Print the data below again in full, exactly as it stands, with no images.

RECORDED INFORMATION>
.....

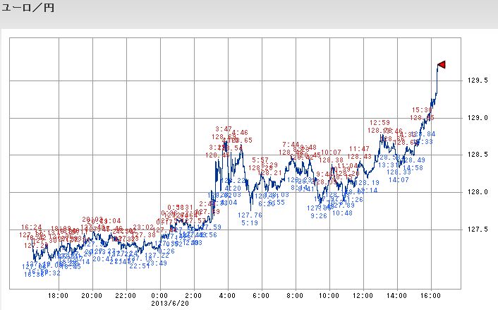 この下落もPMIの指標が予想以上に悪かった中国を中心とするアジア株の相場下落に引き摺られた結果のようで、円安ドル高の効果も空しく東京市場の株価も日経平均が230.64円(-1.74%)安の13,014.58円と大幅な反落となっています。
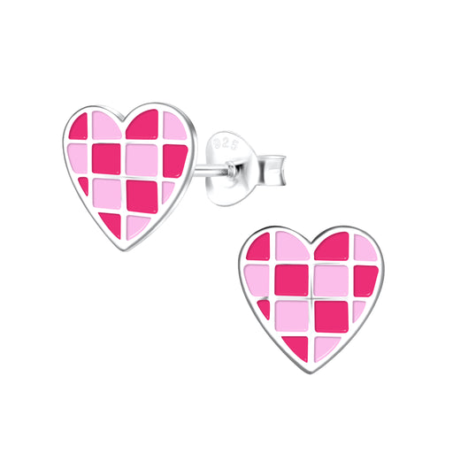 Sterling zilver 925 hartje oorbellen - met vierkante roze blokjes. Design grootte: 8 x 9 mm Bewerking: E-Coat Materiaal: Sterling zilver 925 Verpa...
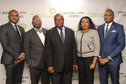L – R shows Mr. Olumide Bolemole, Divisional Head, Listing Business Division, The Nigerian Stock Exchange (NSE); Mr. Oladipo Aina, Managing Director/CEO, Signet Investment and Securities Limited; Chief Patrick Ezeagwu, Chairman, Association of Stockbroking Houses of Nigeria (ASHON); Ms. Ifeyinwa Rita Ejezie, Managing Director/CEO, Cashville Investments & Securities Limited and Mr. Jude Chiemeka, Divisional Head, Trading Business Division, NSE during the Fixed Income Trading Workshop for Dealing Members at The Exchange in Lagos on Monday.
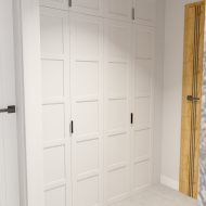 W przedpokoju znajdzie się pojemna szafa wykonana również przez stolarza.

.....

TASK SOLUTION>
 この下落もPMIの指標が予想以上に悪かった中国を中心とするアジア株の相場下落に引き摺られた結果のようで、円安ドル高の効果も空しく東京市場の株価も日経平均が230.64円(-1.74%)安の13,014.58円と大幅な反落となっています。
 Sterling zilver 925 hartje oorbellen - met vierkante roze blokjes. Design grootte: 8 x 9 mm Bewerking: E-Coat Materiaal: Sterling zilver 925 Verpa...
L – R shows Mr. Olumide Bolemole, Divisional Head, Listing Business Division, The Nigerian Stock Exchange (NSE); Mr. Oladipo Aina, Managing Director/CEO, Signet Investment and Securities Limited; Chief Patrick Ezeagwu, Chairman, Association of Stockbroking Houses of Nigeria (ASHON); Ms. Ifeyinwa Rita Ejezie, Managing Director/CEO, Cashville Investments & Securities Limited and Mr. Jude Chiemeka, Divisional Head, Trading Business Division, NSE during the Fixed Income Trading Workshop for Dealing Members at The Exchange in Lagos on Monday.
 W przedpokoju znajdzie się pojemna szafa wykonana również przez stolarza.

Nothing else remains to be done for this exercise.